Assigned task – Return each line of the data below verbatim; pictures are to be left out.

Supplied data –
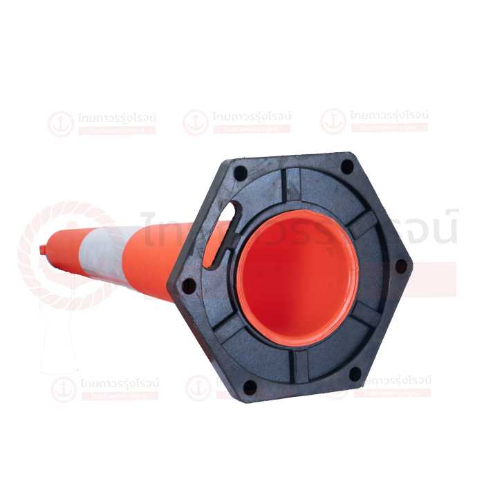 • ฐานยางของกรวยจราจรเพิ่มน้ำหนัก สามารถช่วยป้องกันการล้มของกรวยจราจร จากการพลิกคว่ำ หรือลมพัดแรง
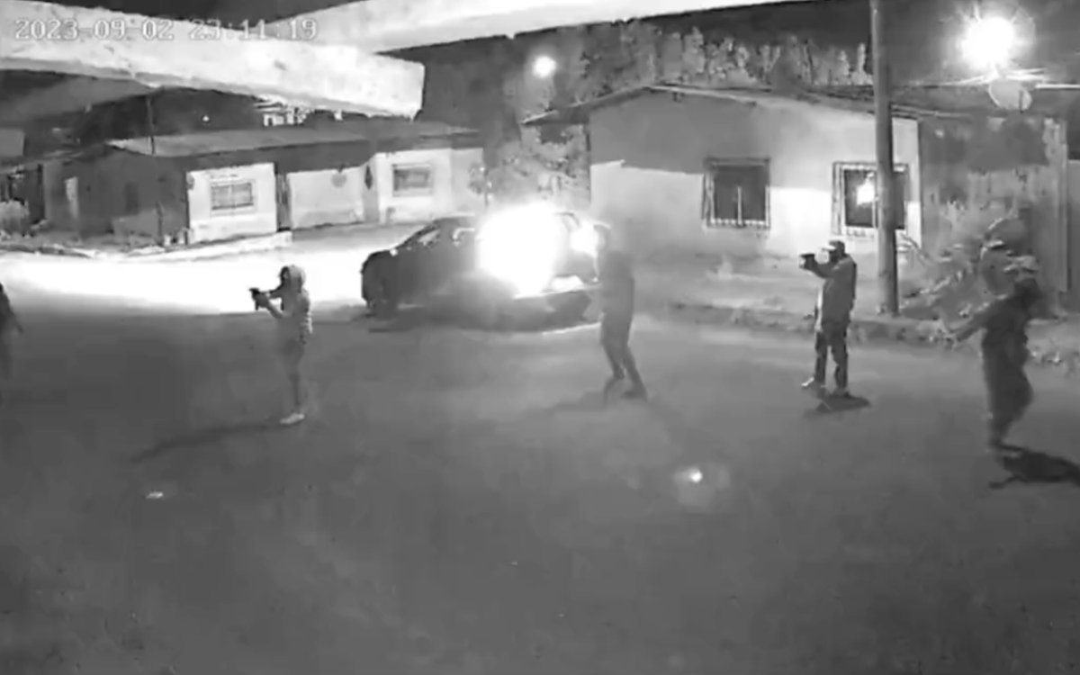 En las imágenes se puede observar como seis presuntos sicarios atacan un inmueble con armas de alto poder, así como el momento en el que emprenden la huida.
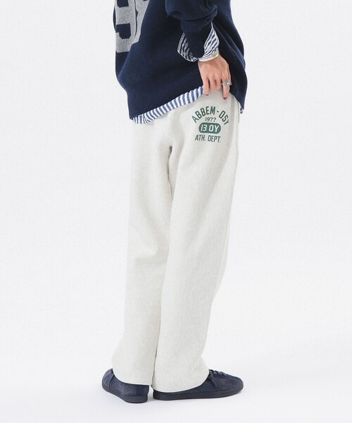 セットアップで映える、旬顔スウェットパンツ■デザイン〈BEAMS BOY(ビームス ボーイ)〉が〈Champion(チャンピオン)〉に別注した、バックプリントが目を引くリバースウィーブ(R) スウェットパンツが登場です。バイヤー私物の〈Champion〉ヴィンテージから着想を得ており、70年代から90年代のリバースウィーブ(R)にインスパイアされたロゴデザインが魅力。「BEAMS BOY」の文字を遊び心たっぷりに並び替えた、ユニークなメッセージにも注目です。■コーディネートオーバーサイズのクルーネックトップス【品番: 13-13-0408-411】とのセットアップスタイルはもちろん、シンプルなTシャツやブラウスと合わせて抜け感を出すのもおすすめです。足元はスニーカーでリラックス感を演出したり、あえてヒールのあるパンプスを合わせて大人っぽく着こなすのも旬なスタイル。カジュアルすぎず、幅広い着こなしが楽しめます。■ディテール裏毛部分はわずかに生地を痩せさせているため、厚すぎず、暖冬傾向にある近年の気候にフィットする快適な着心地にしています。■サイズ2サイズで展開。通常はONE SIZEで展開ですが、元ネタになったヴィンテージの細身のリバースウィーブ(R) パンツをイメージし、少量ながら細身のサイズも作製しました。オーバーサイズトップスとの相性を考慮した、計算されたシルエット。好みのフィット感に合わせてお選びいただけます。■素材柔らかく肌触りの良いコットンベースでありながら、ポリエステルを混紡することで型崩れしにくく、程よいハリ感も兼ね備えています。■ケア方法洗濯可(詳細は商品についている品質表示ラベルをご覧ください)※アイテムサイズは商品サンプルを採寸しているため、実際の商品と多少の誤差が生じる場合がございます。※画像の商品はサンプルのため、実際の商品と「仕様」「色味」が異なる場合がございます。Model : H161 B76 W60 H82 Size : SChampion/チャンピオン1919年にチャンピオン・ニッティング・ミルズ社として創業。その後アメリカ東海岸の学生たちに好まれ、スポーツウェアからカジュアルウェアへと浸透していきました。今ではアメリカを代表するアスレチックブランドであり“KING OF SWEATSHIRT”の代名詞として、その名を轟かせています。

Task answer –
 • ฐานยางของกรวยจราจรเพิ่มน้ำหนัก สามารถช่วยป้องกันการล้มของกรวยจราจร จากการพลิกคว่ำ หรือลมพัดแรง
 En las imágenes se puede observar como seis presuntos sicarios atacan un inmueble con armas de alto poder, así como el momento en el que emprenden la huida.
 セットアップで映える、旬顔スウェットパンツ■デザイン〈BEAMS BOY(ビームス ボーイ)〉が〈Champion(チャンピオン)〉に別注した、バックプリントが目を引くリバースウィーブ(R) スウェットパンツが登場です。バイヤー私物の〈Champion〉ヴィンテージから着想を得ており、70年代から90年代のリバースウィーブ(R)にインスパイアされたロゴデザインが魅力。「BEAMS BOY」の文字を遊び心たっぷりに並び替えた、ユニークなメッセージにも注目です。■コーディネートオーバーサイズのクルーネックトップス【品番: 13-13-0408-411】とのセットアップスタイルはもちろん、シンプルなTシャツやブラウスと合わせて抜け感を出すのもおすすめです。足元はスニーカーでリラックス感を演出したり、あえてヒールのあるパンプスを合わせて大人っぽく着こなすのも旬なスタイル。カジュアルすぎず、幅広い着こなしが楽しめます。■ディテール裏毛部分はわずかに生地を痩せさせているため、厚すぎず、暖冬傾向にある近年の気候にフィットする快適な着心地にしています。■サイズ2サイズで展開。通常はONE SIZEで展開ですが、元ネタになったヴィンテージの細身のリバースウィーブ(R) パンツをイメージし、少量ながら細身のサイズも作製しました。オーバーサイズトップスとの相性を考慮した、計算されたシルエット。好みのフィット感に合わせてお選びいただけます。■素材柔らかく肌触りの良いコットンベースでありながら、ポリエステルを混紡することで型崩れしにくく、程よいハリ感も兼ね備えています。■ケア方法洗濯可(詳細は商品についている品質表示ラベルをご覧ください)※アイテムサイズは商品サンプルを採寸しているため、実際の商品と多少の誤差が生じる場合がございます。※画像の商品はサンプルのため、実際の商品と「仕様」「色味」が異なる場合がございます。Model : H161 B76 W60 H82 Size : SChampion/チャンピオン1919年にチャンピオン・ニッティング・ミルズ社として創業。その後アメリカ東海岸の学生たちに好まれ、スポーツウェアからカジュアルウェアへと浸透していきました。今ではアメリカを代表するアスレチックブランドであり“KING OF SWEATSHIRT”の代名詞として、その名を轟かせています。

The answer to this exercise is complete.